(Data records)
Segment Open

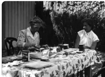
J'ai quitté l'Aquitaine

Projection du 24 octobre à l'Espace Mignan
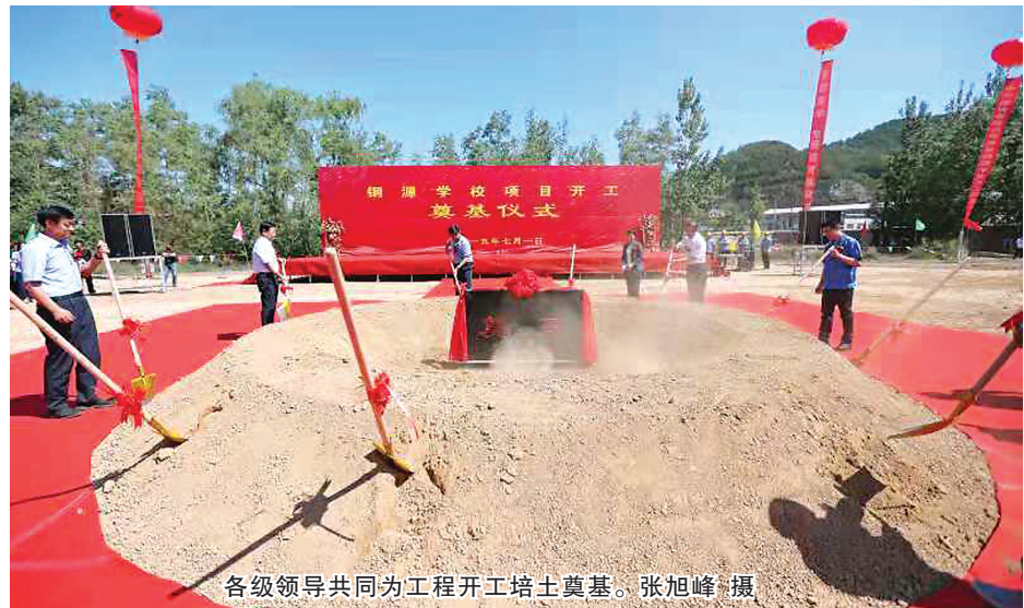
各级领导共同为工程开工培土奠基。
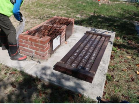
平成28年12月完成 第3号基（平成28年12月完成） 明神4丁目・鳥居公園
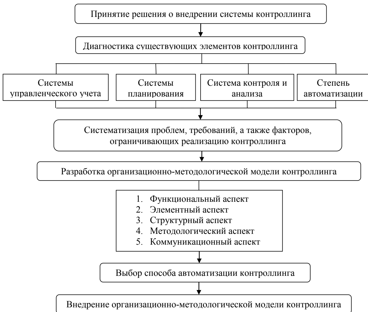
Рис. 1. Дорожная карта внедрения контроллинга в организации сферы культуры
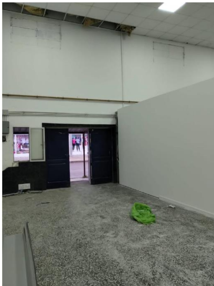
Img.13 Alto tránsito y puerta de ingreso (desde adentro)
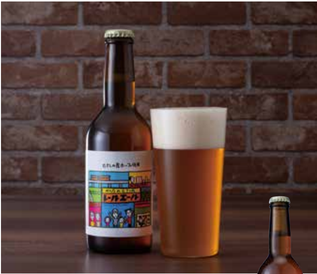
ラベルデザインは、吉祥寺を代表するイラストレーター キンシオタニさん書下ろし。
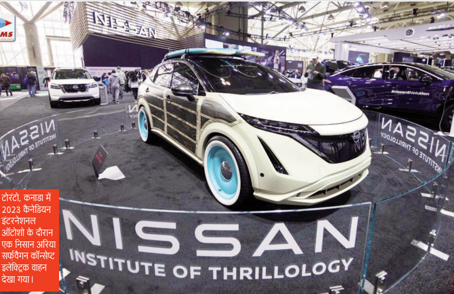
टोरंटो, कनाडा में 2023 कैनेडियन इंटरनेशनल ऑटोशो के दौरान एक निसान आरिया साईबेगन कॉन्सेप्ट इलेक्ट्रिक वाहन देखा गया।

खुला और 158 अंक की तेजी के साथ 17929 पर बंद हुआ। बुधवार को सेंसेक्स 258 अंक टूटकर 60,774 पर खुला और 242.83 अंक चढ़कर 61275.09 पर बंद हुआ। निफ्टी 68 अंक गिरकर 17,862 पर खुला और 86 अंक चढ़कर 18015.85 पर बंद हुआ। गुरुवार को सेंसेक्स 396 अंक चढ़कर 61,671 पर खुला और 44.42 अंक चढ़कर 61,319.51 पर बंद हुआ। निफ्टी 110 अंक चढ़कर 18,126 पर खुला और 20 अंक चढ़कर 18035.85 पर बंद हुआ। शुक्रवार को सेंसेक्स 326 अंक टूटकर 60,994 पर खुला और 316.94 अंक (0.52 प्रतिशत) गिरावट के साथ 61,002.57 पर बंद हुआ। निफ्टी 61 अंकों के नुकसान के साथ 17,975 पर खुला और 91.65 अंक (0.51 प्रतिशत) की गिरावट के साथ 17,944.20 पर बंद हुआ।
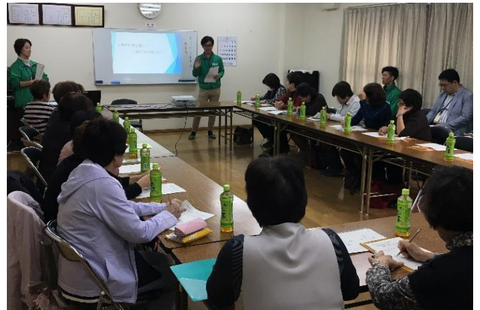
事例報告に熱心に耳を傾ける岸里地域ネットワーク委員

西成包括からは、体操やウォーキングなど介護予防教室の様子や、長年、人との関わりを持たずに過ごしてきた高齢者が、包括職員と関わる中で病院の受診や介護保険の申請につながった事例を報告。参加者からは「普段の見守り活動の中でも
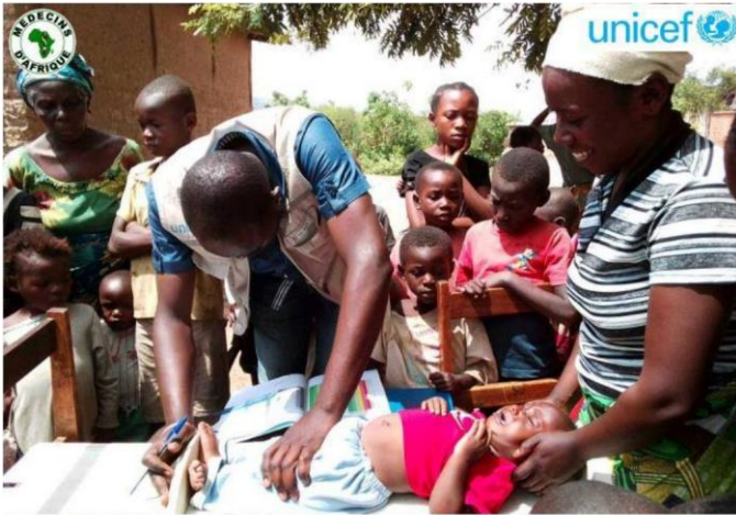
Appui à une Prise en Charge de Qualité de la Malnutrition Aiguë Sévère au Sud Kivu (RD Congo) - Janvier 2018

Ce projet, mené avec l'appui financier de l'UNICEF, vise à contribuer à la réduction de la morbidité et la mortalité dues à la malnutrition par l'amélioration de la qualité de la prise en charge des enfants malnutris aigus sévères dans les UNTI et UNTA des zones de santé de Kabare, Katana, Kalehe, Miti- Murhesa, Mubumbano, Minova et Uvira dans la province du Sud Kivu. Il s'articule autour de 3 axes de travail :
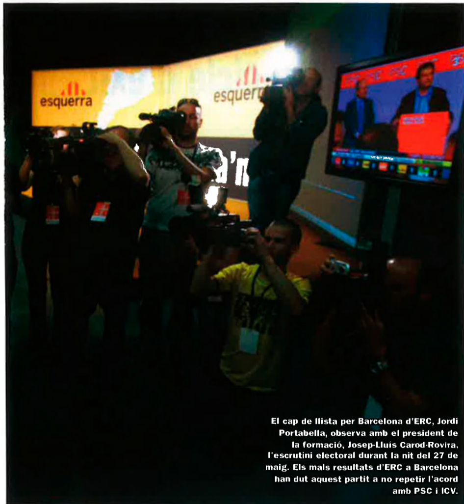
El cap de llista per Barcelona d'ERC, Jordi Portabella, observa amb el president de la formació, Josep-Lluís Carod-Rovira, l'escrutini electoral durant la nit del 27 de maig. Els mals resultats d'ERC a Barcelona han dut aquest partit a no repetir l'acord amb PSC i ICV.

lles reivindicacions. De manera que el vot independentista no veu la utilitat d'estar al govern de la Generalitat. Per això aquests sectors consideren que cal fer compatible "el patriotisme social amb un agenda política" que reculli aquestes reivindicacions.
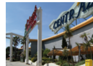
Centre Commercial Centr'Azur - Hyères 6 235 m 2 (commerces) Expertisé pour Eurocommercial
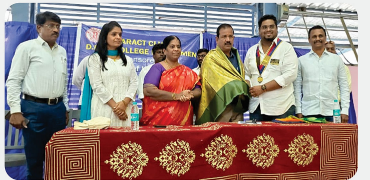
United for Peace with Yoga & Meditation @ Vellore RC of Vellore Accord
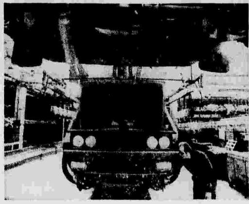
Автомобилестроение — одна из ведущих отраслей промышленности Польши. Ежедневно на сборочных конвейерах автозаводов республики выезжают грузовые и легковые автомобили, автобусы и специализированные машины...

Segment Closed

_Requirement_:
Print exactly the lines above that run from the one with "ラベルデザインは、吉祥寺を代表するイラストレーター キンシオタニさん書下ろし。" to the one with "Appui à une", both included. No pictures.

_Result_:
ラベルデザインは、吉祥寺を代表するイラストレーター キンシオタニさん書下ろし。
टोरंटो, कनाडा में 2023 कैनेडियन इंटरनेशनल ऑटोशो के दौरान एक निसान आरिया साईबेगन कॉन्सेप्ट इलेक्ट्रिक वाहन देखा गया।

खुला और 158 अंक की तेजी के साथ 17929 पर बंद हुआ। बुधवार को सेंसेक्स 258 अंक टूटकर 60,774 पर खुला और 242.83 अंक चढ़कर 61275.09 पर बंद हुआ। निफ्टी 68 अंक गिरकर 17,862 पर खुला और 86 अंक चढ़कर 18015.85 पर बंद हुआ। गुरुवार को सेंसेक्स 396 अंक चढ़कर 61,671 पर खुला और 44.42 अंक चढ़कर 61,319.51 पर बंद हुआ। निफ्टी 110 अंक चढ़कर 18,126 पर खुला और 20 अंक चढ़कर 18035.85 पर बंद हुआ। शुक्रवार को सेंसेक्स 326 अंक टूटकर 60,994 पर खुला और 316.94 अंक (0.52 प्रतिशत) गिरावट के साथ 61,002.57 पर बंद हुआ। निफ्टी 61 अंकों के नुकसान के साथ 17,975 पर खुला और 91.65 अंक (0.51 प्रतिशत) की गिरावट के साथ 17,944.20 पर बंद हुआ।
事例報告に熱心に耳を傾ける岸里地域ネットワーク委員

西成包括からは、体操やウォーキングなど介護予防教室の様子や、長年、人との関わりを持たずに過ごしてきた高齢者が、包括職員と関わる中で病院の受診や介護保険の申請につながった事例を報告。参加者からは「普段の見守り活動の中でも
Appui à une Prise en Charge de Qualité de la Malnutrition Aiguë Sévère au Sud Kivu (RD Congo) - Janvier 2018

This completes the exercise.